ISLAMABAD, Pakistan (Diya TV) — Suspected state-linked hacking groups tied to China and India separately targeted Pakistani law enforcement networks between February 2024 and April 2026, according to a report published Thursday by cybersecurity firm SentinelOne’s research division, SentinelLABS.

The report identified four distinct hacking campaigns, most notably against the Balochistan Police, which serves Pakistan’s southwestern province and has been affected by a long-running separatist insurgency. All four campaigns reached Balochistan Police systems, with one campaign planting malware inside a public-facing portal used by citizens to file complaints against police, according to the report.

Researchers classified the campaigns based on malware families and assessed their likely state affiliations at varying confidence levels. Three clusters — involving malware known as PlugX, ShadowPad and Cobalt Strike — were assessed as China-linked, based partly on malware characteristics and, in the case of the Cobalt Strike-linked campaign that included the citizen complaint portal breach, on comparisons with previous China-linked targeting patterns, including past operations against Tibetan Buddhist organizations in Taiwan. Researchers said some malware samples contained Chinese words written in Roman characters, while one contained log messages in simplified Chinese, indicating a Chinese-speaking developer was likely involved in building the tools.

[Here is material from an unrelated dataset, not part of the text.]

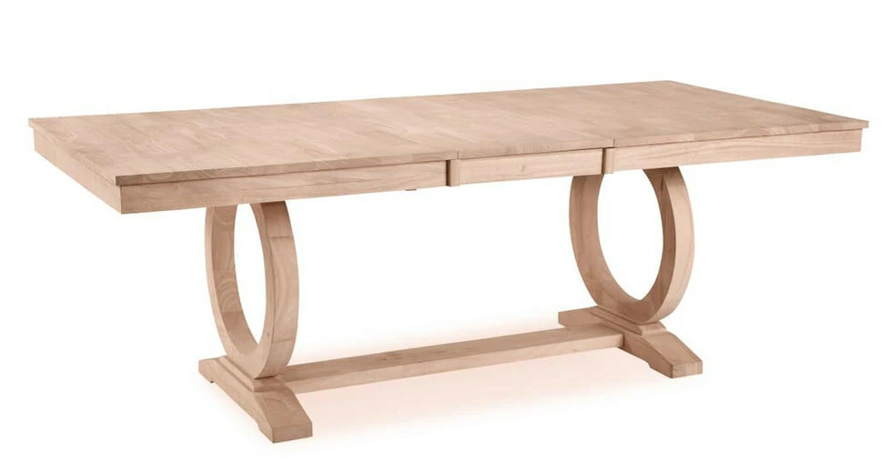 The Ring Trestle Table has a square edge top and a stately circular base. This table makes a grand statement in your dining room. It includes a self storing leaf that allows you to extend the table from 66″ to 86″ in length. Seat up to 8 adults comfortably when the leaf is extended. Made from solid, eco-friendly Parawood for strength and durability, the Ring Trestle table ships unfinished. Pair it with any of our dining chairs in order to create a complete set. This table also easily stains or paints to match your existing furniture or to add a pop of color to your space. This trestle table works well in a large kitchen or dining space.

A fourth cluster, involving malware known as Remcos, was assessed as India-linked and associated with a group tracked by cybersecurity company Recorded Future as TAG-179. SentinelLABS said the group’s methods showed partial overlap with groups tracked by other firms under different names, including Kaspersky’s Mysterious Elephant and Qihoo 360’s APT-C-08, also known as Bitter, though the overlap did not confirm the names referred to the same group.

Aleksandar Milenkoski, a principal threat researcher at SentinelOne, said in the report that the involvement of multiple cyberespionage actors targeting a single country’s law enforcement institutions signals the value of the target. “What draws them is a particular kind of institution: one that holds the government’s internal security picture, what it knows about the threats inside its borders, and how it acts against them,” Milenkoski wrote.

Researchers said possible motives for the China-linked activity include concerns over the safety of Chinese nationals working on Belt and Road Initiative projects in Pakistan, particularly the China-Pakistan Economic Corridor, citing past attacks on Chinese nationals in the country, including an October 2024 bombing at Karachi airport and a March 2024 suicide bombing in northwestern Pakistan.

Liu Chang, a spokesperson for the Chinese Embassy in Washington, said in an emailed statement that China “firmly opposes and combats all forms of cyberattacks in accordance with the law” and does not permit any country or individual to conduct illegal cyber activity within Chinese territory or using Chinese infrastructure. The Indian Embassy in Washington did not respond to questions about the report. The Khyber Pakhtunkhwa Police, one of the agencies referenced in related reporting, said protecting its systems remains a top priority and that no evidence indicated any core police system suffered a successful breach, though the force acknowledged an increase in attempted cyber activity during a period of heightened tension between Pakistan and India last year. The Islamabad Police, the Punjab Safe Cities Authority and Pakistan’s Ministry of Interior did not respond to requests for comment on the report.